The judicial interpretation of the AEC test has evolved to recognize its role as part of a broader effects-based framework. However, confusion persists regarding its application to non-pricing practices. The analysis of case law underscores that the price-cost test should not be treated as a mandatory standard but as one of many tools for evaluating anticompetitive foreclosure. Moving forward, the European Commission could address these ambiguities by explicitly clarifying the circumstances under which the AEC price-cost test is appropriate in its revised Article 102 Guidelines, reaffirming its commitment to the AEC principle while ensuring flexibility in evidentiary approaches. By addressing these concerns, the European Commission can strike a balance between ensuring effective enforcement and preserving the procedural and substantive fairness emphasized by the Courts, thereby securing the continued relevance of the AEC principle as a guiding framework in EU competition law.

 

V. Conclusion

The analysis reveals that the AEC Principle remains a cornerstone of the effects-based approach in EU competition law, guiding the assessment of exclusionary practices to ensure that enforcement targets conduct harming competition and consumer welfare rather than merely disadvantaging less efficient competitors.
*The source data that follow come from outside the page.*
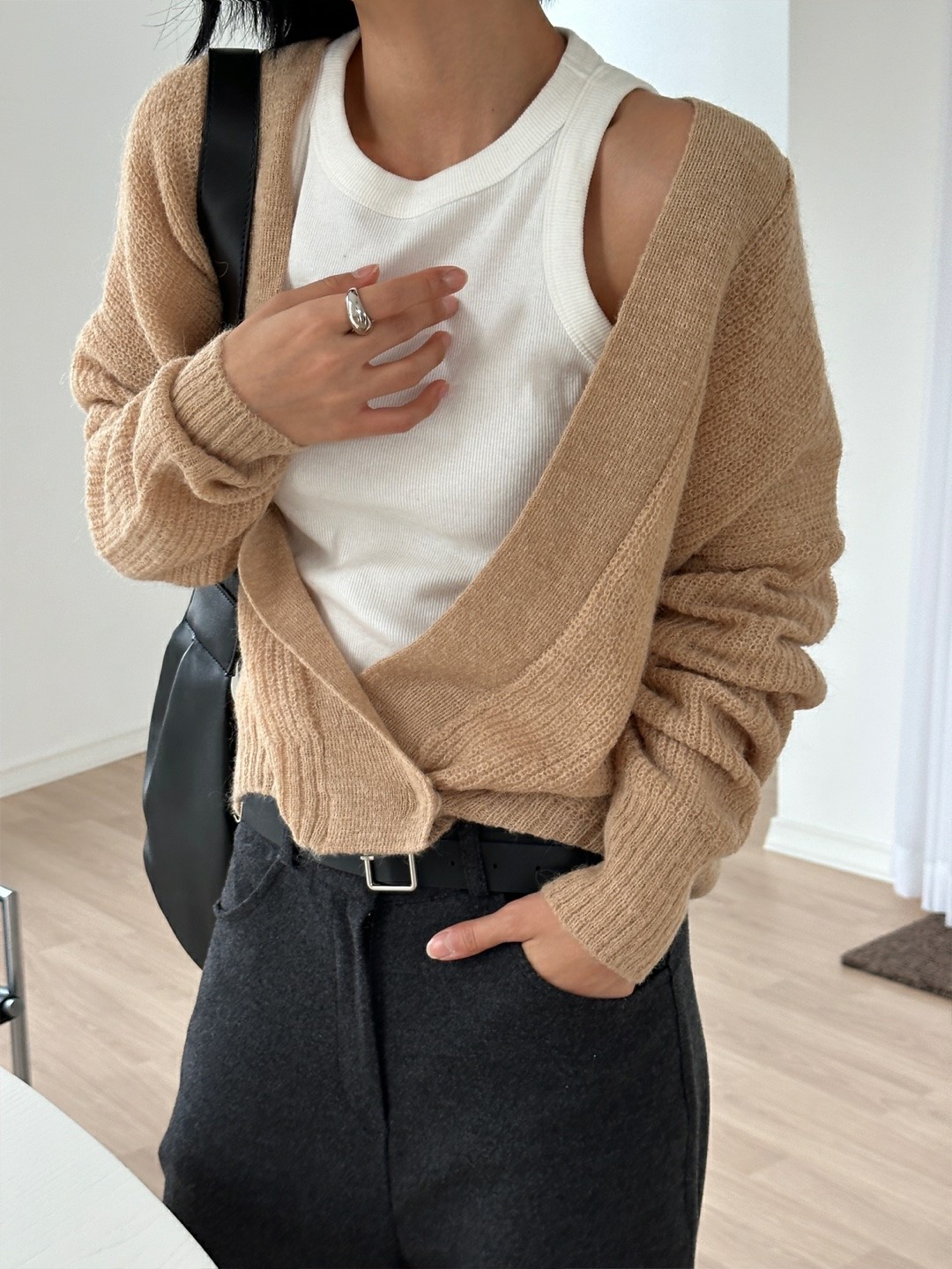 品名:히든스냅 가디건 ◎※☞颜色:검정, 베이지, 소라, 아이 ◎※☞尺寸:FREE ◎※☞材质:尼龙 10%,羊驼毛 40%,羊毛 40%,모헤어 10% 翻译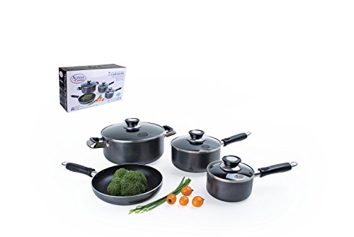 -. Title : Aramco 7 Piece Alpine Gourmet Aluminum Non-Stick Coating Cookware Set, Gray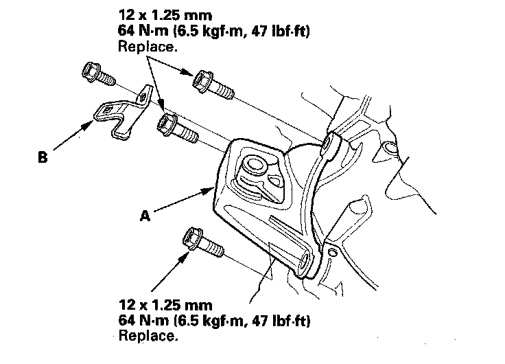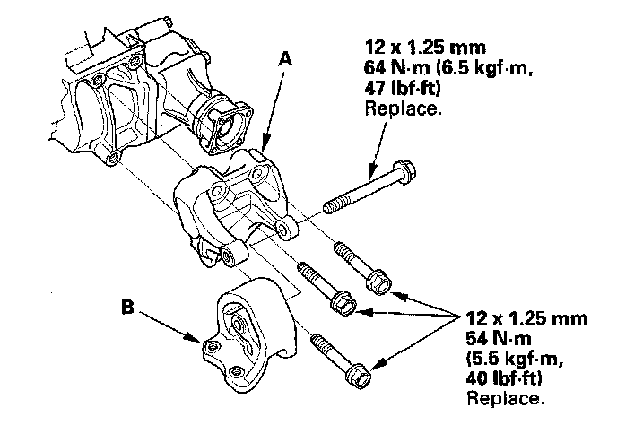 3. Install the transmission rear mount bracket (A) and the transmission rear mount (B).
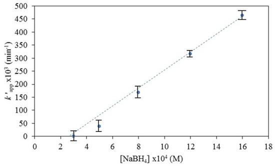 The rate of reaction also increases with the concentration of sodium borohydride, as observed by other authors [34,39,59].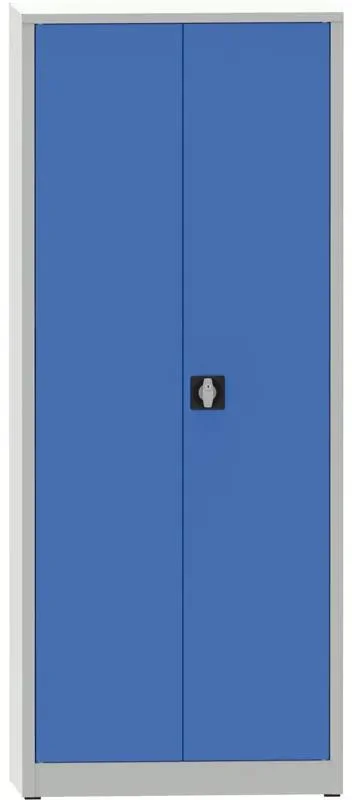 Dveře jsou zabezpečené tříbodovým rozvorovým zámkem s dvěma klíči, což zvyšuje bezpečnost uložených nástrojů a materiálu. Povrch je opatřen odolnou práškovou lakovou vrstvou v šedé barvě RAL 7035, přičemž dveře mají kombinaci šedé a modré RAL 5012, což přispívá k modernímu vzhledu a snadné údržbě. Ideální volba pro organizaci a bezpečné uskladnění nářadí v dílně nebo skladu.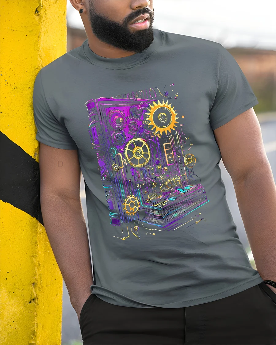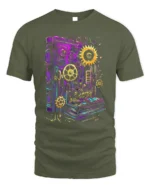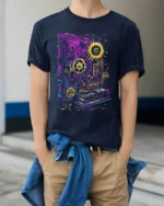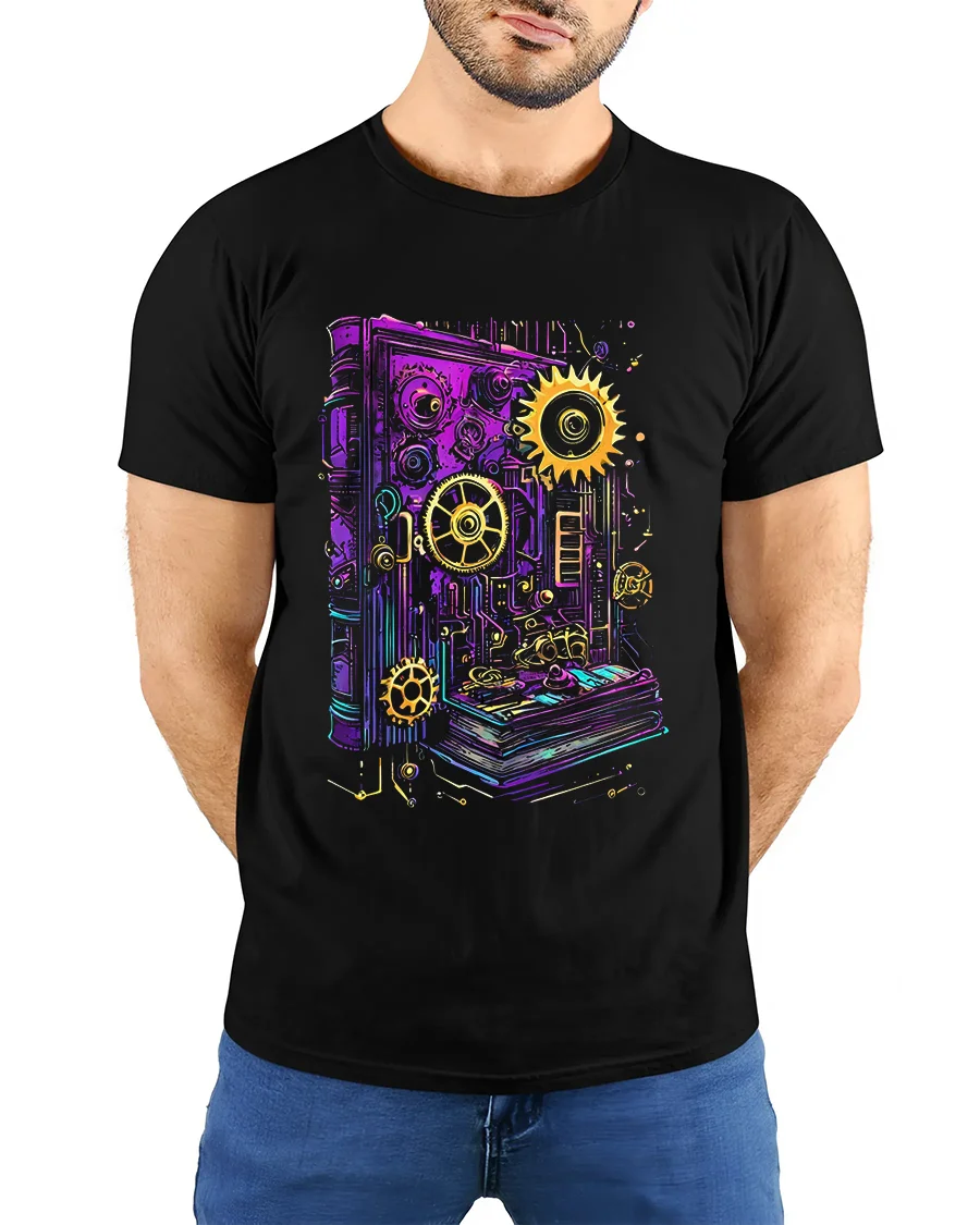 Elevate your style with the Steampunk Book Gears T-Shirt – Unique Mechanical Design Tee. This eye-catching t-shirt features a captivating design that blends the intellectual charm of books with the intricate mechanics of steampunk. The vibrant purple and gold gears stand out against the dark background, creating a truly unique and artistic statement. Perfect for fans of steampunk, science fiction, retro-futurism, or anyone who appreciates a touch of mechanical ingenuity in their wardrobe.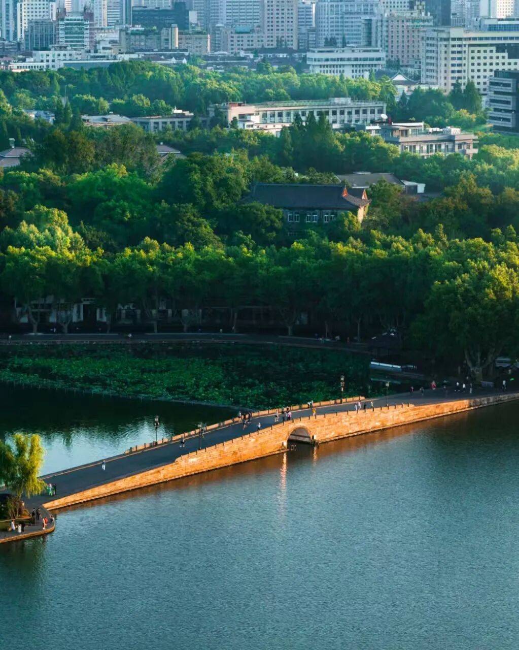 苏堤是北宋苏东坡任杭州知州时修建的,全长 2.8 公里,串联起西湖西侧的多个景点。套餐会带你走苏堤的精华段(约 1 公里),沿途经过映波、锁澜、望山等六座石拱桥,每座桥的视角都不同。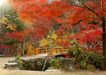 廿日市観光のハイライトである宮島は、秋になるとさらに美しさが増します。厳島神社を彩る紅葉は、廿日市の秋を象徴する景色です。中でも、紅葉の名所として知られるのが、厳島神社の背後に広がる「紅葉谷公園」。例年11月中旬から下旬にかけて、約700本のモミジが園内を鮮やかな朱色に染め上げます。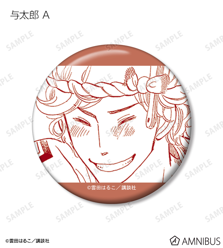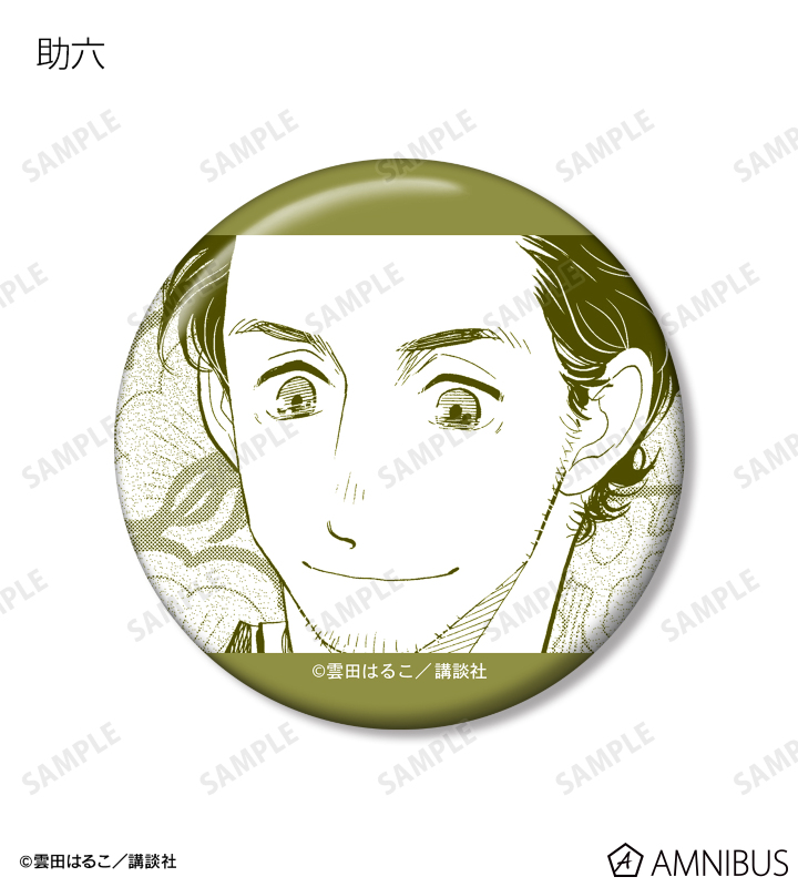 与太郎、八雲、菊比古、信之助、小夏、松田さん、樋口、萬月、助六、みよ吉の原作コマイラストを缶バッジに仕上げました。
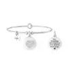 Bracciale da donna di KIDULT, della collezione Love, in acciaio 316L, circonferenza 20 cm, 6 cm con ciondolo tondo in acciaio lucido con cuore e cristalli. Scritta: Our friendship… little things. Dimensioni: tondo 17 mm, cristalli 1.25 mm. La referenza è 732157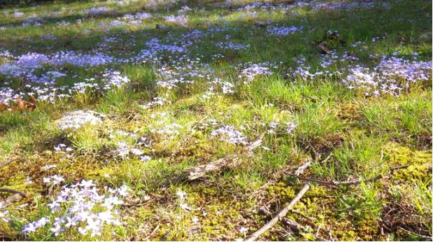 Common Bluets (Houstonia caerulea), Poverty Oatgrass (Danthonia spicata), mosses, and woodland litter and duff in open “lawn” along the Mount Ida escarpment in the City of Alexandria, VA. Photo by R.H. Simmons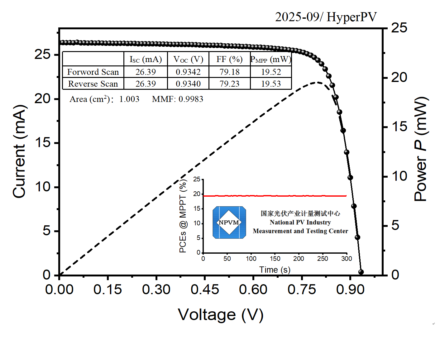 Researchers in HyperPV developed the OPV cell with ternary approach with commercially available polymer donor D18, nonfullerene acceptor L8-BO, and fullerene acceptor PC61BM. The third component PC61BM was added to improve the stability of the cell. The cell has an open-circuit voltage (VOC) of 0.934 V, a short circuit current (JSC) of 26.31 mA/cm2, and a fill factor (FF) of 79.2%. The cell maintained a stable state during the Maximum Efficiency Point Tracking Output (MPPT) test. The relative fluctuation of the output power of the OPV cell was less than 0.1% for a total test time of 5 minutes.

While the European Courts have evolved to endorse the AEC Principle as a broad evaluation standard, they have clarified that the price-cost test is just one evidentiary tool, relevant in specific contexts, particularly pricing abuses. This paper concludes that the confusion between the AEC Principle as an evaluation framework and the price-cost test as evidence lies at the heart of the controversy over the application of the test. To address this, the Commission should reaffirm its commitment to the AEC Principle while clarifying the contexts in which specific evidentiary tools, such as the price-cost test, are appropriate. Doing so would strike a balance between ensuring effective competition enforcement and providing legal certainty, thereby preserving the AEC Principle as a guiding framework for assessing anticompetitive foreclosure.